In the last year, or even more, we have put all our efforts into the development of a novel Reinforcement Learning algorithm for temporal pattern learning. In our approach, we use a Hierarchy of self-organizing maps to encode sequences of motion primitives. More details of this work are available in the publications section and as soon as we finish the review more work will be out.
To make long story short, in the context of this work we want to reproduce a tactile gesture pattern, e.g., a stroke, with our beloved finger-enabled Aldebaran Nao using as input the observations from the joint space plus the fingertip feedback and learn the actions that will reproduce the pattern. We merely focus on three factors when reproducing patterns, which simply answer the following questions:
- What I've done so far; how well does it fit with what I've learned during training?
- What I currently see/observe; does it relate to the states I've seen during training?
- From where I am now; how can I reach a state that will give me more reward?
Even though these three factors from a first glance should be more than enough to successfully reproduce a temporal pattern, it is not case when perturbations occur in the actions, or the actions simply fail to complete, e.g. an obstacle is not allowing the robotic arm to move.

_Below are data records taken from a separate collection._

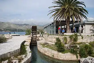 En 1835 le collecteur d'impôts anglais Stevenson est le premier à utiliser les katavóthres pour faire fonctionner un moulin à moudre le maïs, installant les aménagements décrits plus haut ici. En 1859, D. Migliaressi installe un autre moulin du même type à quelques centaines de mètres plus au sud. Ils cessent de travailler dans les années 1930, et sont totalement détruits lors du séisme de 1953 de Céphalonie. Au début des années 1960, ils sont reconstruits comme attraction touristique, mais ne sont pas fonctionnels[2].
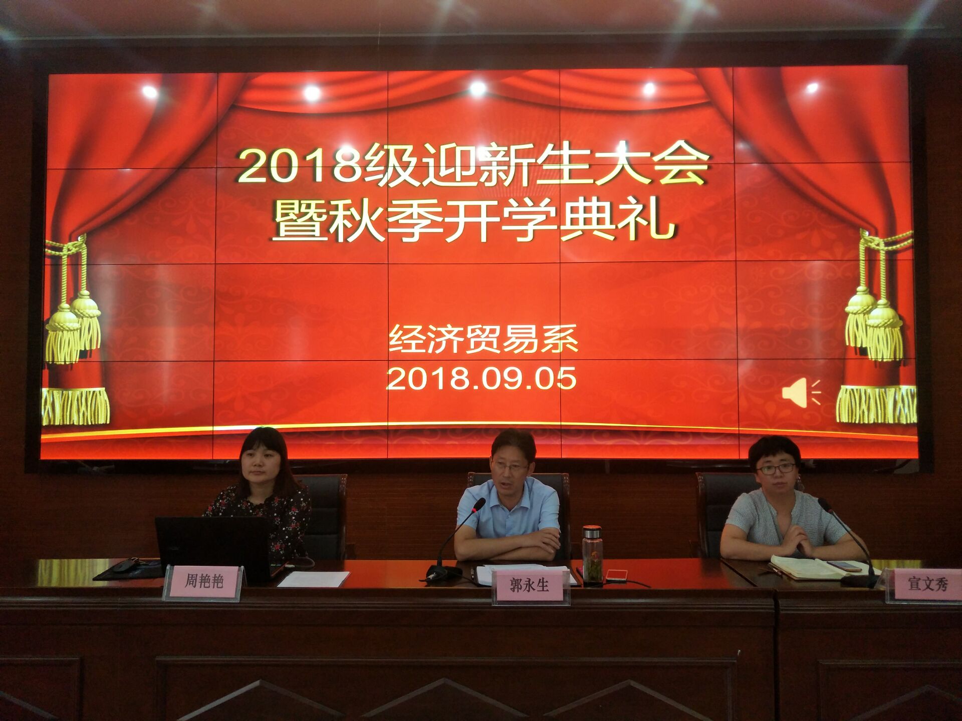 9月5日下午,经济贸易系2018级迎新生大会暨秋季开学典礼在多功能报告厅举行。系主任郭永生、副主任宣文秀、主任助理周艳艳出席了会议,2018级全体新生和16、17级老生参加了此次教育大会。会议由系学生管理老师荣新星主持。
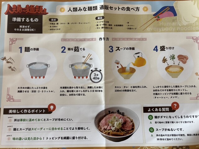 作り方の説明が微妙に言葉足らずで、冷凍されたレアチャーシューとメンマとスープはどう調理したら良いのか不明。
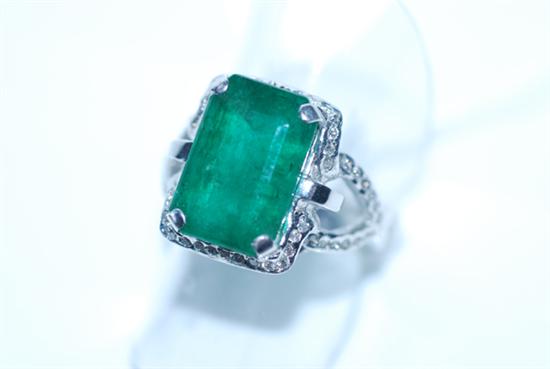 AN EMERALD AND DIAMOND DRESS RING IN 18CT WHITE GOLD

Our specific problem was when our Nao was reproducing correctly the learned pattern but a perturbation (a rather large one, we are moving the arm to a state far away) in the motion could not be handled by the robot. Our algorithm was able to understand the sudden change, but because of the long matches of historical observations during the correct actions, it was not able to recover the motion from the new state.

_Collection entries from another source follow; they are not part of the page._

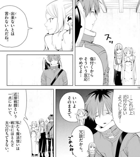 少し距離が離れていて、シュタルクのような戦士に不意打ちをされたらフリーレンとフェルンの二人でも何も出来ずに命を落とす、どうしても魔法の発動が間に合わない、とフリーレンは言います。そうフリーレンが言うと、フェルンはスゥとフリーレンの後ろに隠れてシュタルクを警戒しますが、シュタルクは、傷付くからそういう反応やめてよ…、と言います。しかし、出来ないとは言わないんだね、とフリーレンに言われて、これ以上近付かないようにします…、とシュタルクは涙目で謝ります。それを見てフリーレンは、いいよこのままで、と言ってくれて、フェルンも、冗談だからごめんね…、と謝ってくれます。
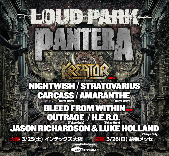 出演:PANTERA / KREATOR / NIGHTWISH / STRATOVARIUS / CARCASS (Tokyo Only) / AMARANTHE (Tokyo Only) / BLEED FROM WITHIN / OUTRAGE (Tokyo Only) / H.E.R.O. (Tokyo Only) / JASON RICHARDSON & LUKE HOLLAND (Tokyo Only)
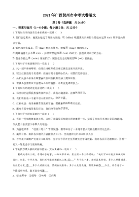 精品解析:广西贺州市2021年中考语文试题(原卷版).doc
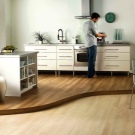 Малък подиум ще издигне кухненското пространство над останалите. За да се засили ефектът, прожекторите или LED лентата могат да бъдат поставени във височината на подиума.

The missing link is probably the surprise. According to dictionary.com surprise would be a state where you discover something suddenly or unexpectedly. Hey...Story of a robot's life! When their environment changes, it will be either too late to realize it and adapt, or will never realize it and you know the catastrophic results...
Izard in his book [1] tried to describe surprise amongst other emotions. He argued that it is the result of an unexpected event or stimuli which leaves our mind blank momentarily as if normal thinking processes are stopped. Ortony and Partridge [2] highlighted the problems of artificial systems and suggested that a surprise mechanism is “a crucial component of general intelligence”.

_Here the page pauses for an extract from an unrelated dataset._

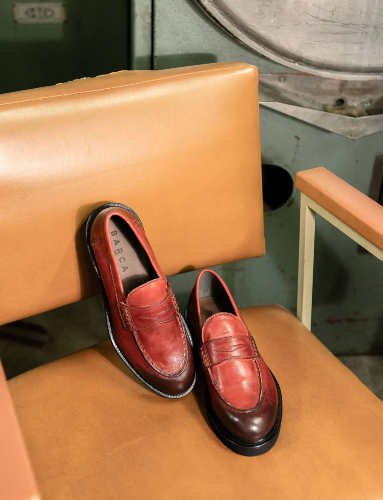 Realizzati con una tomaia in morbida pelle anticata, questi mocassini presentano una punta tonda e cuciture in rilievo che aggiungono un tocco di classe.
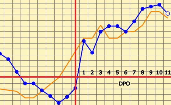 I morgon er det 2 streker og.Søvnen ble fullstendig ødelagt i dag, så tenker at grafen kanskje ikke ser helt riktig ut... Tenker at morgendagen kanskje viser litt mer, og da er jeg jo 12DPO.

Peters, M. W. [3] in a really interesting paper (look for the "Encoding Surprise" section) is serially modelling surprise as the absolute difference of the expectation and the current observation. What is more interesting though is that explains the idea of homeostasis:
"For all biological systems some states are more conducive to life than others, and the basic biological function is to preserve homeostasis by moving from less conducive states to more conducive ones."
"In other words, it does not even need to keep telling itself that things are still the same. It is not surprising then, that over time individual neurons and even semi-discrete neural systems exhibit reduction in response to unvarying stimuli (Day 1972)."
What I think is happening to our Nao is that the historical match of actions is acting as homeostasis (there is a momentum in all these good historical matches) and unless something surprises our robot it cannot recover. This surprise will have to allow our algorithm ignore the massively built historical match through time, and compare the expected state with the current observation, and... And what? Start afresh? Wait for a few steps to see if it was just noise, and now I am back on track? Is there any systematic way to solve this problem, or do we follow problem-specific approaches to decay the importance of history?
References
- The psychology of emotions , Springer, 1991
- Ortony, A., & Partridge, D. (1987). Surprisingness and expectation failure: what’s the difference? In J. McDermott (Ed.), Proceedings of the 10th international joint conference on Artificial intelligenceVolume 1 (pp. 106-108). Morgan Kaufmann.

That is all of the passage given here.